In a related line of cases, the Appellate Division has considered whether the Family Court’s contempt powers can be used to bring a PINS into compliance with the court’s orders or conditions by so-called “bootstrapping.” That is, the issue in these cases was whether the child’s failure to comply with PINS requirements — what the courts referred to as engaging in typical PINS-type behavior — supplied a basis for imposing the sanction of criminal contempt, thus converting a PINS into a juvenile delinquent. The uniform conclusion has been that using the contempt power in this way is not allowed (see Matter of Daniel I., 57 AD3d 666, 667 [2d Dept 2008] [damaging electronic monitoring bracelet and breaking curfew]; Matter of Edwin G., 296 AD2d 7, 10-11 [1st Dept 2002] [PINS absconded from placement]; Matter of Jasmine A., 284 AD2d 452, 453 [2d Dept 2001] [elopement]). These cases construed the “Contempts” provision in Family Court Act § 156, which allows use of the contempt power in Family Court proceedings (both PINS and juvenile delinquency) when there is no “specific punishment or other remedy” provided elsewhere. In the case of a disobedient or absconding PINS, Family Court Act article 7 provides only for a return to placement or assignment to a new placement; it does not authorize contempt if the PINS fails to comply with the dispositional alternative imposed upon a PINS adjudication (see Family Ct Act § 756).

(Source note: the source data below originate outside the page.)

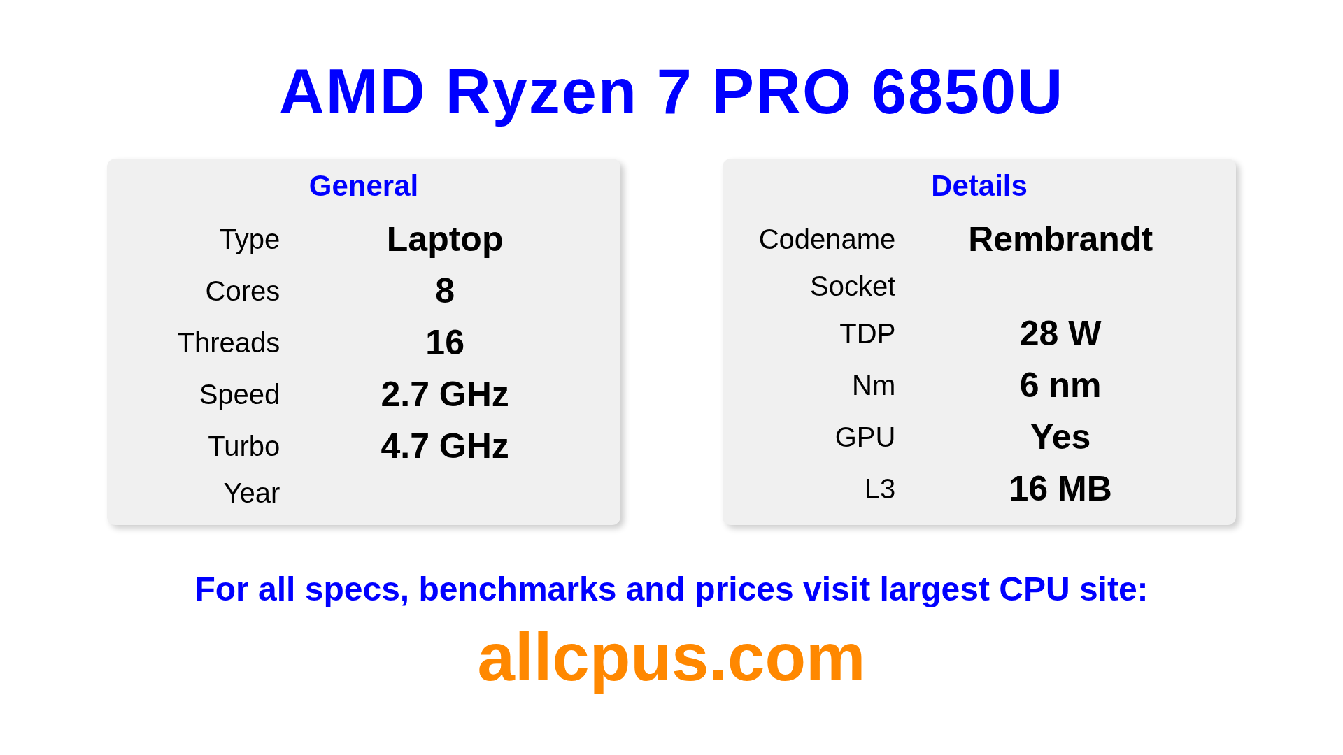 The AMD Ryzen 7 PRO 6850U is a AMD laptop processor from the Ryzen PRO lineup, built on the Rembrandt architecture and released in . This CPU features 8 cores, a base clock of 2700 MHz, maximum turbo frequency of 4700 MHz and 16 MB of L3 cache. Manufactured using 6 nm process technology. The AMD Ryzen 7 PRO 6850U is designed for the socket. It includes integrated AMD Radeon 680M graphics.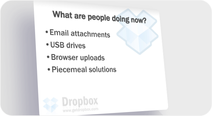 Dropbox Valuation at IPO $12.6B Page 3 Page 5What are people doing now? •Email attachments •USB drives •Browser uploads •Piecemeal solutions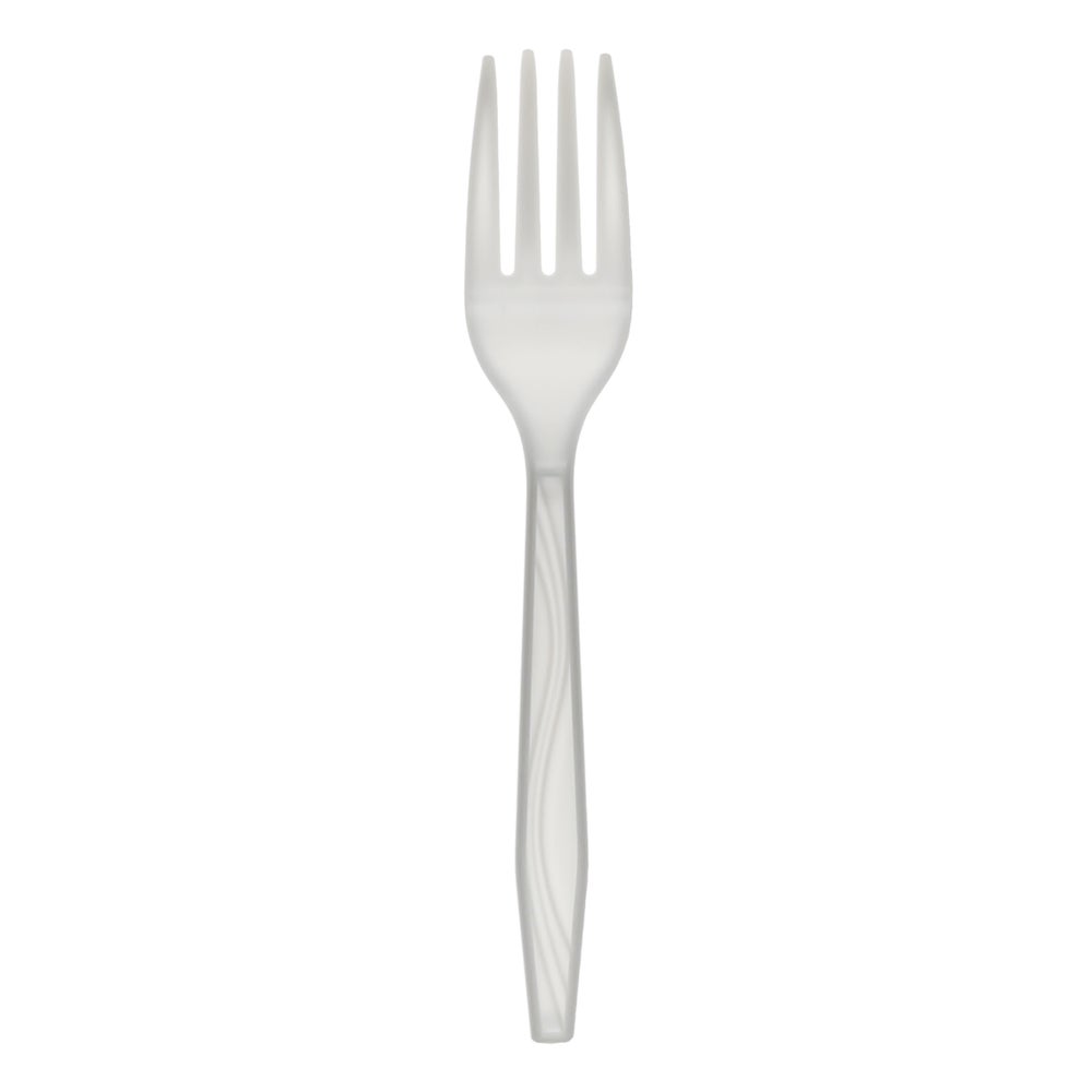 - Made from durable polystyrene, this white fork stands up to the toughest food demands.

Physical resistance to probation officers, however, is different from ignoring a court order. Gabriela A.’s fractious behavior arguably posed a danger to herself, the probation officers and/or her family, even though Family Court found that she did not attempt to assault or menace the officers. But the Appellate Division, contrary to Family Court, found that Gabriela A.’s resistance fell within the bounds of acting “beyond the lawful control of . . . lawful authority” rather than Penal Law § 195.05. On *164this record, where Family Court and the Appellate Division disagreed when evaluating Gabriela A.’s misbehavior, we simply conclude that the Appellate Division’s factual findings more nearly comport with the weight of the evidence (see e.g. Matter of State of New York v Daniel F., 19 NY3d 1086, 1087 [2012]). In short, we are not, as the dissent puts it, “endorsing a] trend” in the Appellate Division prohibiting “bootstrapping”4 or “proposing a] test” to immunize a PINS from juvenile delinquency proceedings for obstructing governmental administration (see dissenting op at 164-165).
Accordingly, the order of the Appellate Division should be affirmed, without costs.